United States v. Nikolay Tantchev
916 F.3d 645
7th Cir.2019Background
- Defendants: Nikolay Tantchev (Chicago trucking/warehouse owner) and Batmagnai Chogsom (employee). Jury convicted Tantchev on counts of exporting/attempting to export stolen vehicles, submitting false CBP documents, and structuring bank deposits; convicted Chogsom only for making a false statement to an IRS agent; both appealed.
- CBP discovered multiple containers shipped from Tantchev’s warehouse to Mongolia/Bulgaria contained stolen vehicles while paperwork declared different contents.
- Tantchev ran a side shipping business ordering discounted containers, having customers load them, and forwarding manifests to Atlantic Express/CBP; he disputed knowledge of thefts.
- From March–May 2011 Tantchev deposited ~$574,965 into multiple bank accounts in amounts under $10,000, then transfers totaling ~$552,090 were wired to accounts in Sofia; Fifth Third Bank reported suspected structuring.
- IRS agent interviewed Chogsom, showed a photo from an Illinois ID in the name "Jianmei Li" (actually an alias held by Chogsom’s sister Burmaa).
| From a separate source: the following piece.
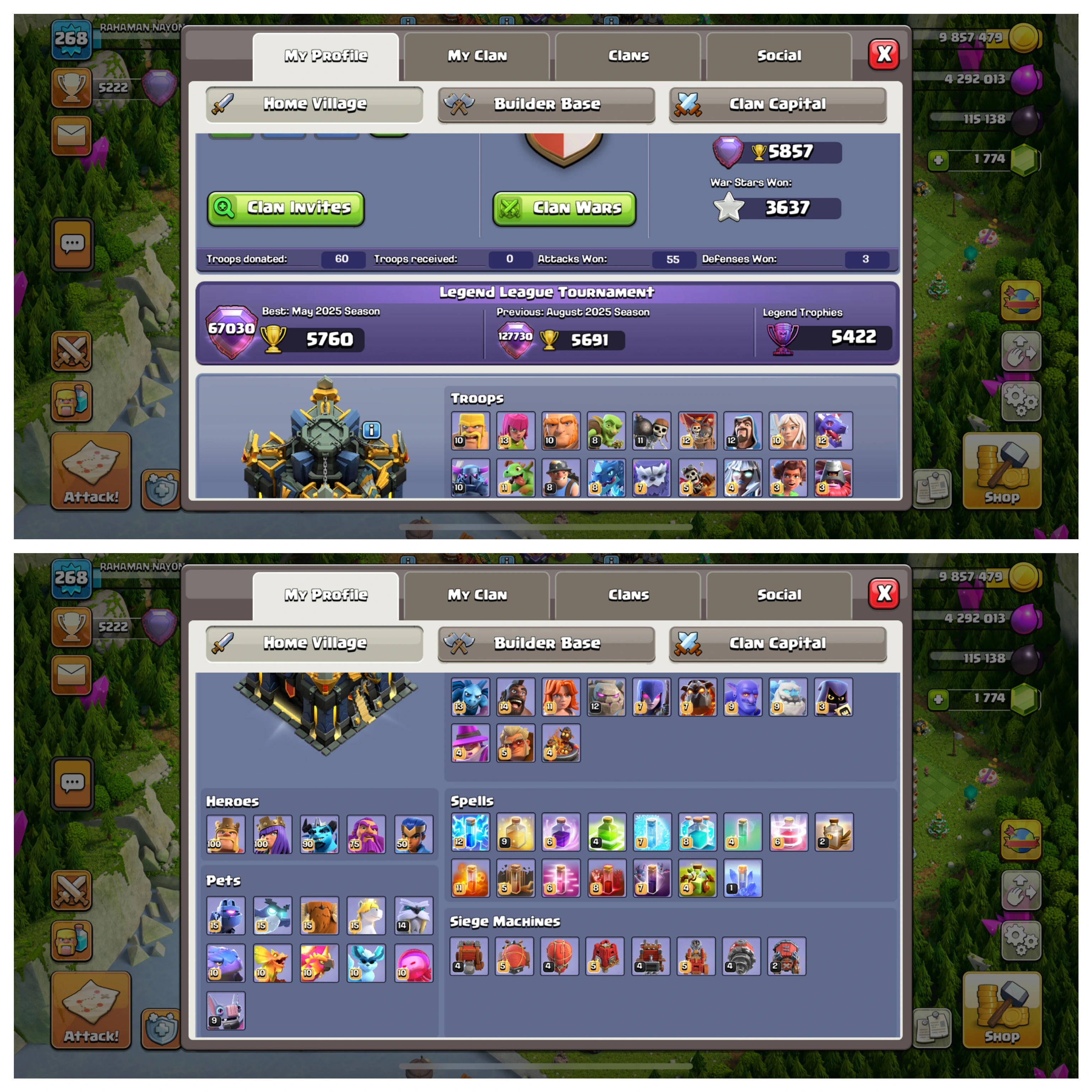 UK / GB LOCAL ✅ TH 17 FULL MAX ✅ XP-268 (HIGH XP LEVEL) ✅CLASH OF DRAGON SCENERY ✅ 05 HEROES & 11x PETS MAX ✅ 04 EPIC MAX, 2-23, 2-20, 3-14 (11x EPIC All GOOD LVL) ✅ UNITED KINGDOM ✅ 15x SKINS ✅ FEW BOMB LEFT ✅ANDROID & IOS

Chogsom identified the photo as "Jianmei Li," later admitting he intended to protect his sister.
Issues
| Issue | Government's Argument | Defendant's Argument | Held |
|---|---|---|---|
| Whether Chogsom’s identification of the photo as “Jianmei Li” was a false statement under 18 U.S.C. §1001 | The answer was knowingly false because agents sought the woman’s true identity; giving an alias to shield his sister was materially false | Chogsom: Statement literally true because the woman used the name "Jianmei Li" in the U.S.; Bronston-type defense — literally true answers not criminal | Affirmed: Jury could reasonably find Chogsom understood agents wanted her true identity and knowingly gave a false name (distinguishing Bronston; akin to Gorman) |
| Whether district court erred by giving a deliberate-avoidance ("ostrich") instruction to the jury as to Tantchev’s knowledge | Evidence (failure to inspect containers, change in practice, red flags) supported willful blindness inference | Tantchev: Evidence does not show deliberate avoidance; at most negligence or actual knowledge — instruction inappropriate when only binary choice exists | Affirmed: Given close evidence and deference to district court, instruction was not an abuse of discretion; jury could infer deliberate avoidance |
| Whether instruction that possession of recently stolen property permits an inference of knowledge was supported | Possession of stolen vehicles permits jury to infer knowledge; whether possession was recent and circumstances are factual questions for jury | Tantchev: He had a legitimate role as shipper and customers loaded cars; cars were not stolen in a conventional way | Affirmed: Instruction proper; factual disputes about possession/timing were for the jury |
| Whether prosecutor’s cross-exam and closing comments (impeachment with other seizures; misstating that supervisors were fired for malfeasance) required a new trial | Cross-exam was proper impeachment; closing remark was an improper factual reference but harmless given curative instruction and strong evidence | Tantchev: Cross-exam mischaracterized direct testimony; closing comment introduced facts not in evidence and prejudiced jury | Affirmed: Court did not abuse discretion in permitting impeachment; prosecutor’s misstatement was improper but cured and not prejudicial in light of the evidence |
Key Cases Cited
- Bronston v. United States, 409 U.S. 352 (Sup. Ct. 1973) (literally true, non-responsive answers cannot support perjury conviction)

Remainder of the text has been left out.